The Happy Woman, my latest play, is less explicitly drawn from my life, but it’s all about my life. It concerns a young woman’s efforts to speak openly and honestly with her lovable, implacable, and willfully happy mother two years after the death of her father. It took me years to write it, and while I was working on it, my own father – with whom I had had a troubled relationship – died.
In my teen years I acted out and acted mad; it was such a fine performance that I was given shock therapy and anti-psychotics. I have no idea who signed the papers but it was all very dramatic. On some level it was clearly a betrayal of me as a young woman, but it’s not simple. I definitely sought the diagnosis with my wildly extravagant behaviour, and I thought going mad was part of my responsibility as an artist.
Recently, and not for the first time, my mother told me I have a lot of my father in me. It’s a comment that always annoys me because it implies I was generating the whole mess way back when, rather than responding to it. I guess it’s partly true. But my tormented and complicated father is also one of my richest sources for material. My ambivalence toward him is fueled by fascination, by a sense there is “no bottom” – only worlds and worlds and worlds that I can take a whole lifetime to find and create and understand.

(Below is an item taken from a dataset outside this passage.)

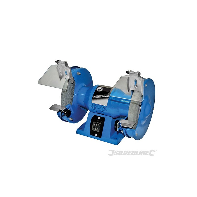 Kompaktní dvoukotoučová bruska s vypínačem s ochranou proti prachu a gumovými nožkami. 2 celoocelové opěrky na nářadí, velké ochranné štíty a kryty kol pro bezpečnost. Dodává se s brusnými kotouči s jemnou a střední zrnitostí.

I believe that the work has its own life and its own demands, and when I write, I try to engage in a “call and response” relationship with what emerges. Ideally, I have a sense of channeling characters, of getting out of the way and listening to what they need and want and desire; in reality, I’m always frustrated by the way my writing derives from my own obsessions and anxieties. I feel like a bad listener, a bad lover. Barnett Newman’s quote about the “terrible and constant self” helps me make some peace with the demands my own life places on the practice of making something new.